— Assignment —
Pictures excluded, copy all of the data below exactly.

— Data below —

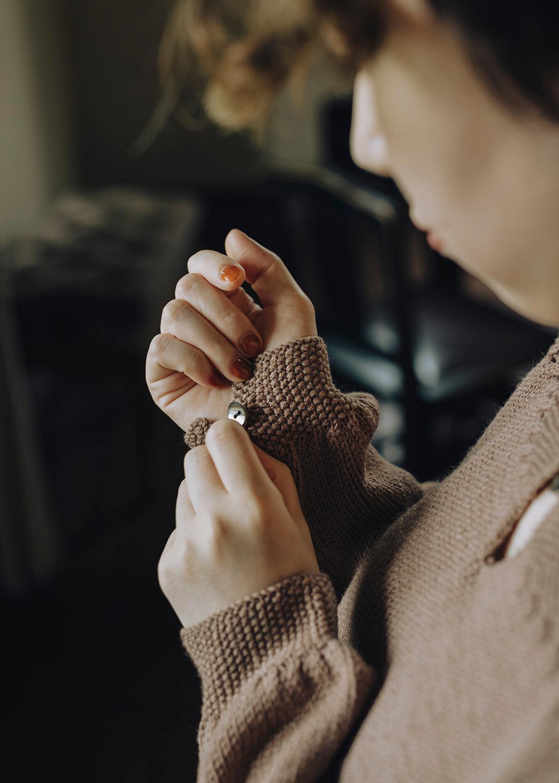 背中から編み始め、肩に向かって往復編みして、左右の肩を分けて前肩をそれぞれ編みます。前身頃中央に胸元のスリットを入れて左右の前身頃をつないだら脇下まで編み進め、後ろ身頃も脇下まで編み、前後身頃をつなげて裾まで輪で編みます。裾は引き返し編みで後ろ下がりのカーブを作ります。袖は袖ぐりから目を拾い、引き返し編みで袖山をつくり袖口に向かって輪で編み、袖口のスリットからカフは往復編みで編みます。最後に前身頃中央のスリット、両袖のカフにボタンとボタンループをつけて仕上げます。
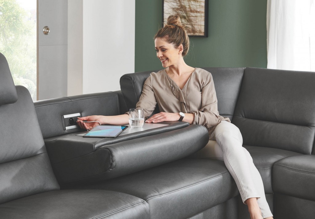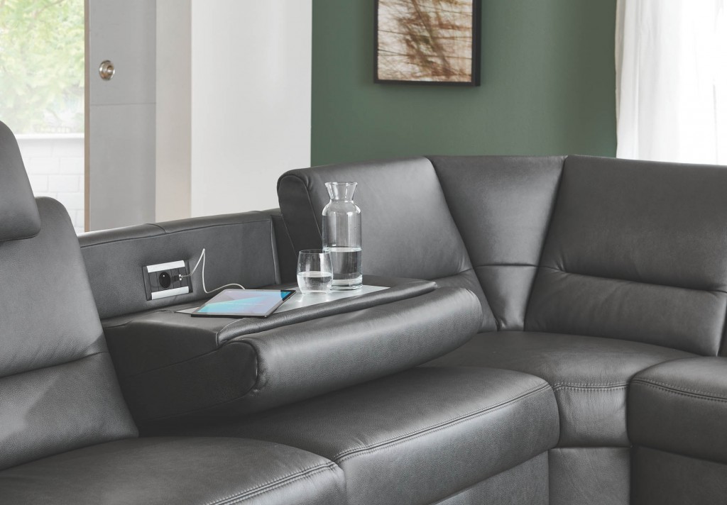 3-Sitzer, Armteil links, WallAway links WA1, Funktionsablage mit Steckdose und USB-Anschluss, Stecker Typ F, BHT ca. 184/92/97 cm
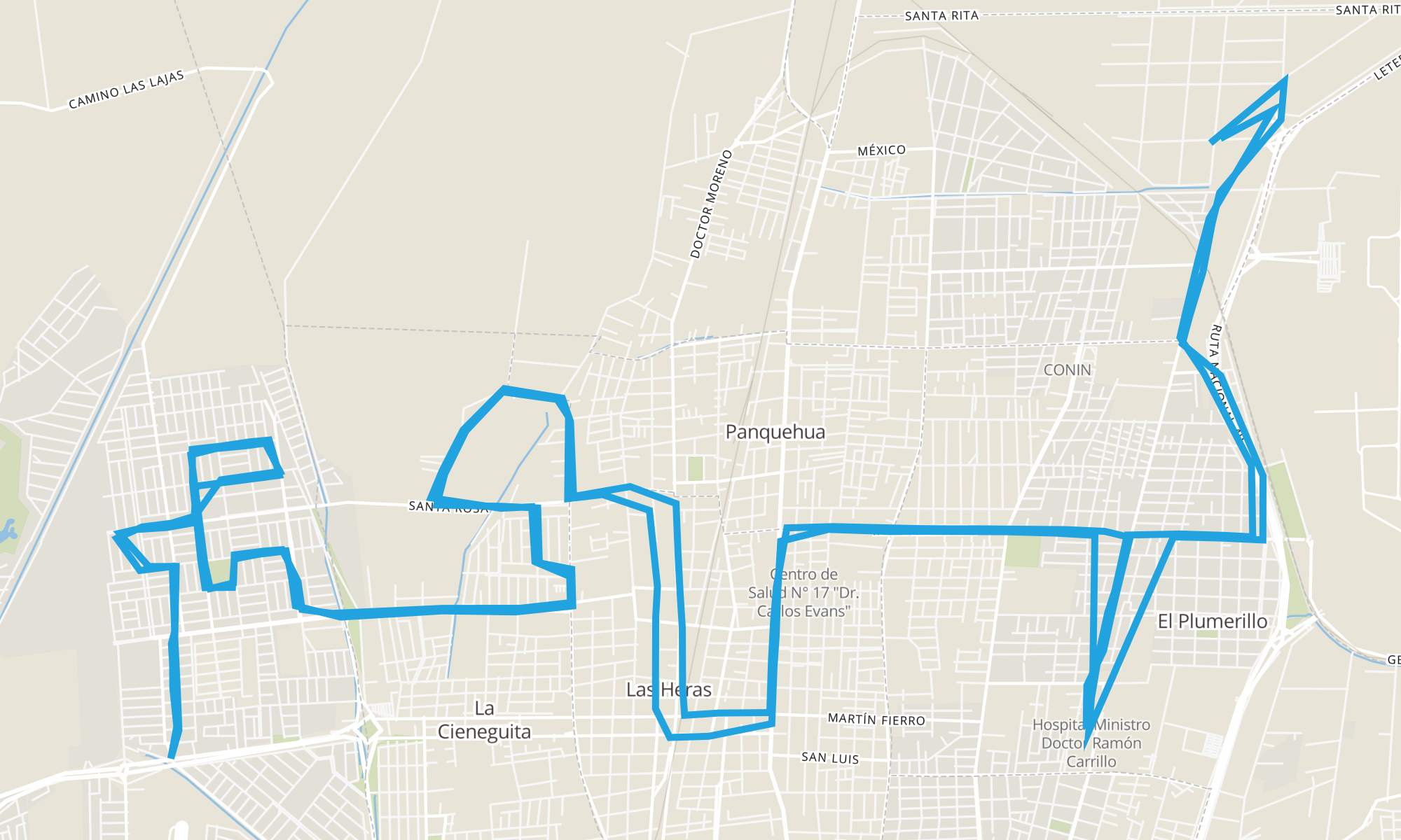 Sentido: Condarco (Las Heras, Mendoza) ‎→ Jorge Newbery y Condarco (Las Heras, Mendoza) (166 paradas)

— Answer to the problem —
 背中から編み始め、肩に向かって往復編みして、左右の肩を分けて前肩をそれぞれ編みます。前身頃中央に胸元のスリットを入れて左右の前身頃をつないだら脇下まで編み進め、後ろ身頃も脇下まで編み、前後身頃をつなげて裾まで輪で編みます。裾は引き返し編みで後ろ下がりのカーブを作ります。袖は袖ぐりから目を拾い、引き返し編みで袖山をつくり袖口に向かって輪で編み、袖口のスリットからカフは往復編みで編みます。最後に前身頃中央のスリット、両袖のカフにボタンとボタンループをつけて仕上げます。
 3-Sitzer, Armteil links, WallAway links WA1, Funktionsablage mit Steckdose und USB-Anschluss, Stecker Typ F, BHT ca. 184/92/97 cm
 Sentido: Condarco (Las Heras, Mendoza) ‎→ Jorge Newbery y Condarco (Las Heras, Mendoza) (166 paradas)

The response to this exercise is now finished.